My friend Michael G. has just gotten serious about blogging at Connecticut Dweller's Lament. Right now half of his posts are about pets, which but the other half are about video games and that's entirely relevant here.
From NPR, with emphasis added for the juicy parts:
Blending politics and religion, President Barack Obama said his Christian faith is a driving force behind his economic policies, from Wall Street reform to his calls for the wealthy to pay higher taxes.
Obama's remarks Thursday at the National Prayer Breakfast were his most explicit account of how his personal religious beliefs factor into his decision-making on the nation's pressing problems. The comments came amid election-year criticism from Catholic groups and some Republicans that the president is waging a war on religion following his decision to require church-affiliated institutions to cover free birth control for employees.
Speaking to more than 3,000 people at the annual breakfast, Obama said "faith and values" should play as much as role in tackling the nation's challenges as sound decision-making and smart policies.
Now these statements about letting the Bible guide his policies were only spoken that morning, but it was on the air when I turned in at 1 p.m.
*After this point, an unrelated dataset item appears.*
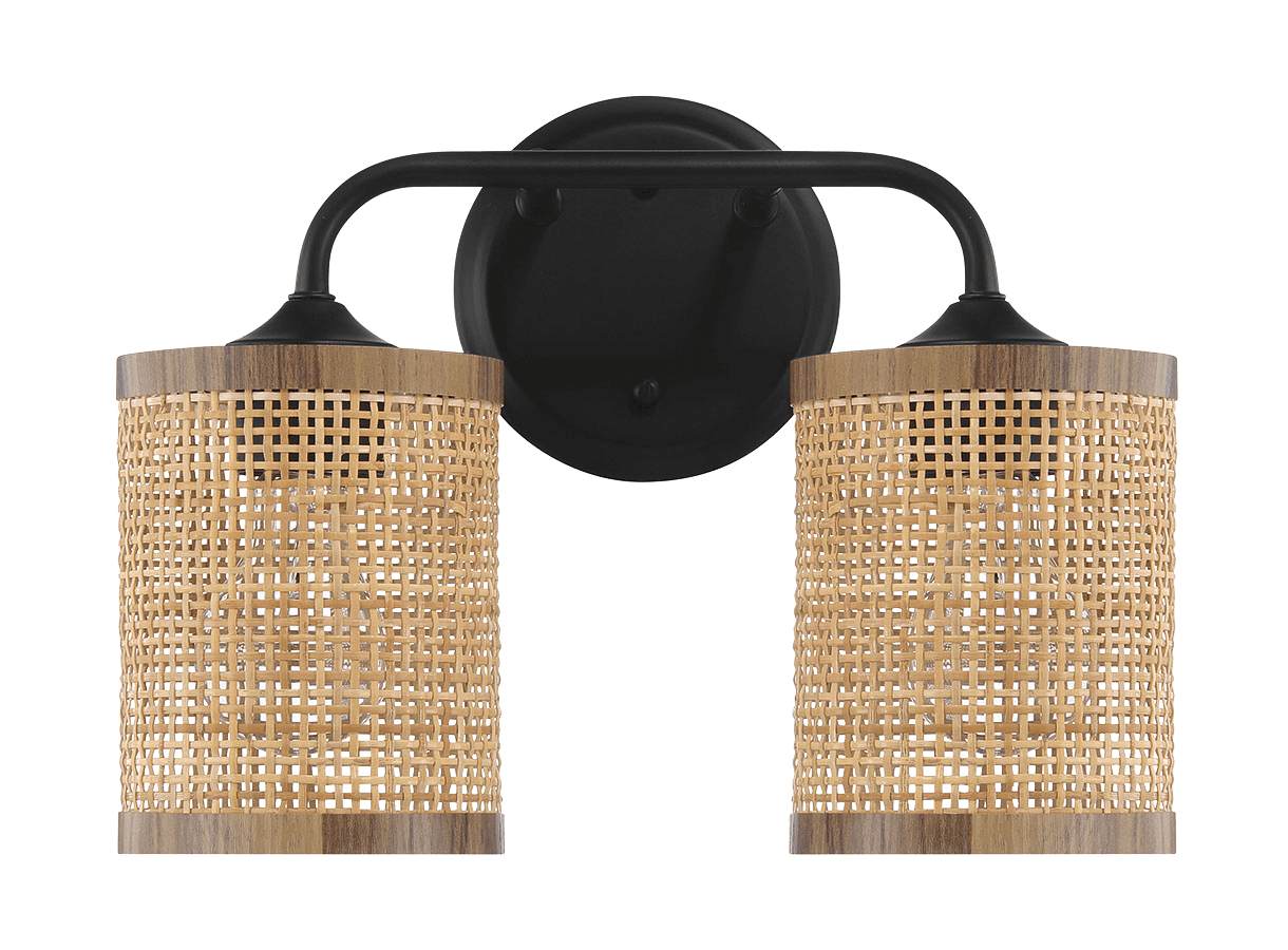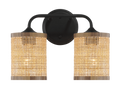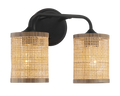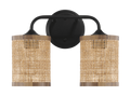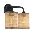 Quell Double Light Vanity With Natural Rattan Shade Wall Lamp Black,Rattan Metal,Rattan

I figured my fellow skeptics would have been exposed to it by now.
The clock is close to midnight now and I haven't seen it referenced at all on Facebook and most of the hits on YourOpenBook.com show the only people linking it are anti-Obama conservatives who are speculating (reasonably) that the comments would have sparked outrage if spoken by George W. Bush.
I also checked out some prominent secular blogs out there, from the Friendly Atheist to Pharyngula. They have updated several times today and there's no mention of it anywhere. That may change tomorrow, but the lack of a viral spread is telling.
I see my secular and skeptical friends post news reports all the time about a Republic politician or some unknown right wing loon waving around the Bible and saying America is a Christian nation or we've fallen too much into sin. It's usually introduced by saying "This is why I could never vote Republican."
No friends, you could never vote Republican because you don't like theirs policies. This is just rationalizing, where you come up with compelling arguments to justify your beliefs.
In all these cases, the friend already would never vote for a conservative candidate. They disagree with the right's economic views and hands-off solutions to problems like poverty. Of course, they also disagree with social conservatives, but hey, so do I.
I don't think the president said anything out of the ordinary for politicians today. As the transcript shows he also included plenty of lines about tolerating other faiths.
He's just caving like everyone else and this shows that the idea that only the Republicans will exaggerate their holy devotion just to win votes needs to be taken off the cross, placed in a cave and sealed with a big rock.
I'm in the camp that believes that voting in the presidential race is irrational. The odds that your vote will change the outcome is too slight to justify the time you spend voting. However, smaller elections, like a vote for town council, give voters much better odds of making a difference.
But tell that to the voting population, they tend to avoid town council elections. Nearly 40 percent of them also avoid presidential elections too, of course.
I want to vote libertarian and unfortunately the closest thing we have to a libertarian candidate is Ron Paul, which is like wanting a sandwich and ordering a quesadilla. Paul's integrity is questionable and the only way he will ever get a chance at winning the election is if Mitt Romney and Newt Gingrich are caught having an affair with each other. I know voting for Paul in the primary won't be enough to get him the Republican nomination.
And without a nomination from one of the two parties, he won't have a chance at winning. Yet, I still might vote for him. Think about it, if one is afraid of voting for a third-party candidate because that will be "throwing their vote away," they have to believe their vote is worth something in the first place. I don't think my vote is going to change the results, so there's nothing to actually throw away.